*** Exercise materials Section Begins ***
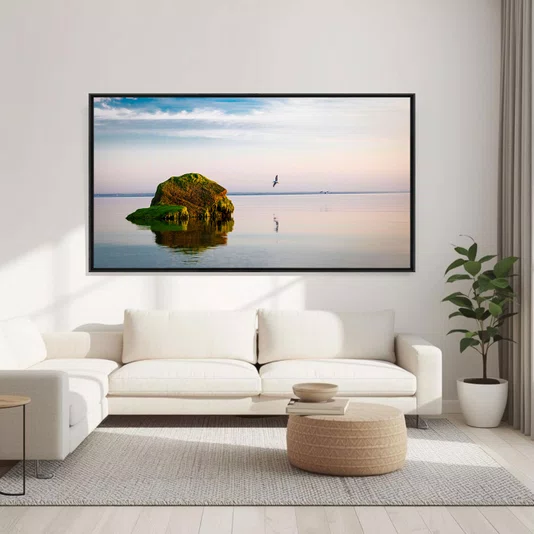 A escolha de uma arte de paisagem com lago e entardecer está diretamente associada a sensações de calma, introspecção e sofisticação. O contraste entre a rocha verde e o céu em transição cromática cria um ponto focal marcante, sem pesar visualmente o ambiente.
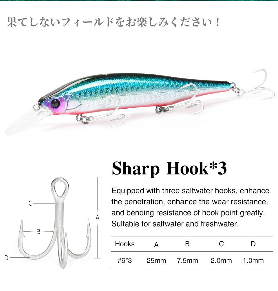 Equipado con tres ganchos de agua salada, mejora la penetración, mejora enormemente la resistencia al desgaste y la resistencia a la flexión de la punta del gancho.Apto para agua salada y agua dulce.
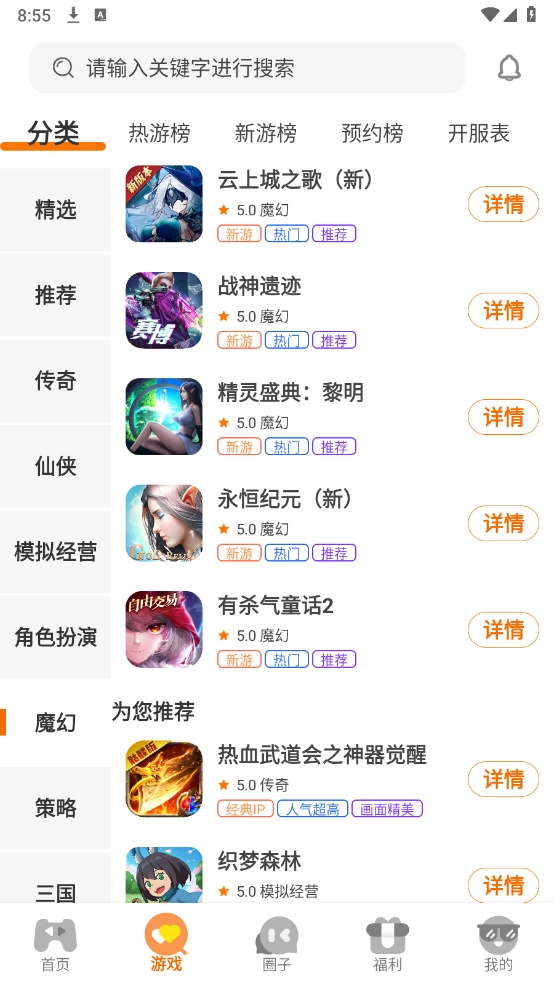2、首页与游戏页面汇集了海量游戏资源,涵盖三国、传奇、仙侠等多种类型。
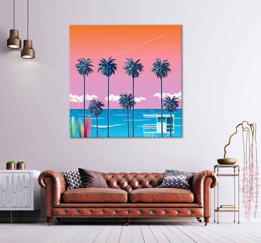 Square Canvas Sunset Sea Palm Trees Vector Art High Quality Print 100% Australian Made
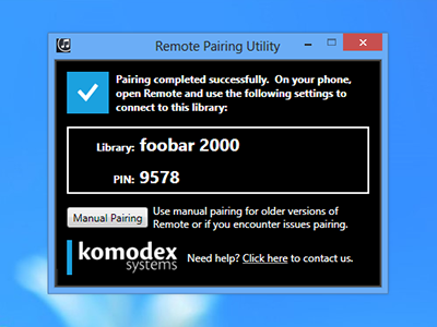 The Pairing Utility will display your library's name and a PIN to be entered on your phone.
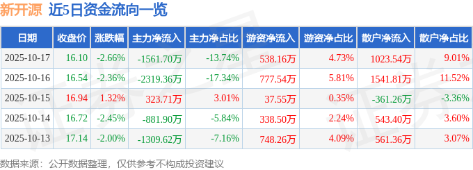 证券之星消息,截至2025年10月17日收盘,新开源(300109)报收于16.1元,下跌2.66%,换手率1.55%,成交量6.97万手,成交额1.14亿元。
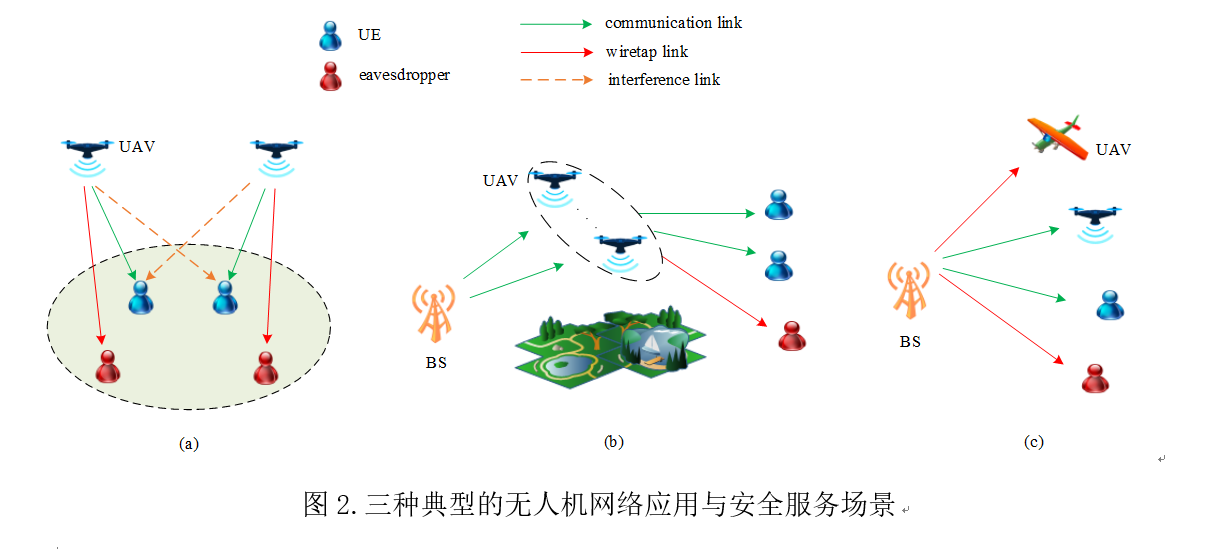 无人机搭载的无线通信网络是一个动态的分层网络,其传输的数据易受未授权用户的窃听,因此安全传输是一个重要课题。该研究团队引入了三种典型的无人机网络窃听场景如图2所示。(1)在无人机辅助基站覆盖场景中,通过部署无人机平台充当移动的空中基站,并辅以现有的网络架构进行无线信息传输,可以实现无线网络覆盖区域的快速移动;(2)无人机可作为空中移动中继为远距离用户或用户群之间提供无线连接;(3)无人机可作为空中用户与地面用户共存,支持物联网的应用,特别是航空货运服务(如亚马逊Prime Air和谷歌Wing项目)。
*** Exercise materials Section Ends ***
• Directions for this task
Each entry above should be reproduced exactly, with the pictures removed.

• Solution to the exercise
 A escolha de uma arte de paisagem com lago e entardecer está diretamente associada a sensações de calma, introspecção e sofisticação. O contraste entre a rocha verde e o céu em transição cromática cria um ponto focal marcante, sem pesar visualmente o ambiente.
 Equipado con tres ganchos de agua salada, mejora la penetración, mejora enormemente la resistencia al desgaste y la resistencia a la flexión de la punta del gancho.Apto para agua salada y agua dulce.
2、首页与游戏页面汇集了海量游戏资源,涵盖三国、传奇、仙侠等多种类型。
 Square Canvas Sunset Sea Palm Trees Vector Art High Quality Print 100% Australian Made
 The Pairing Utility will display your library's name and a PIN to be entered on your phone.
 证券之星消息,截至2025年10月17日收盘,新开源(300109)报收于16.1元,下跌2.66%,换手率1.55%,成交量6.97万手,成交额1.14亿元。
 无人机搭载的无线通信网络是一个动态的分层网络,其传输的数据易受未授权用户的窃听,因此安全传输是一个重要课题。该研究团队引入了三种典型的无人机网络窃听场景如图2所示。(1)在无人机辅助基站覆盖场景中,通过部署无人机平台充当移动的空中基站,并辅以现有的网络架构进行无线信息传输,可以实现无线网络覆盖区域的快速移动;(2)无人机可作为空中移动中继为远距离用户或用户群之间提供无线连接;(3)无人机可作为空中用户与地面用户共存,支持物联网的应用,特别是航空货运服务(如亚马逊Prime Air和谷歌Wing项目)。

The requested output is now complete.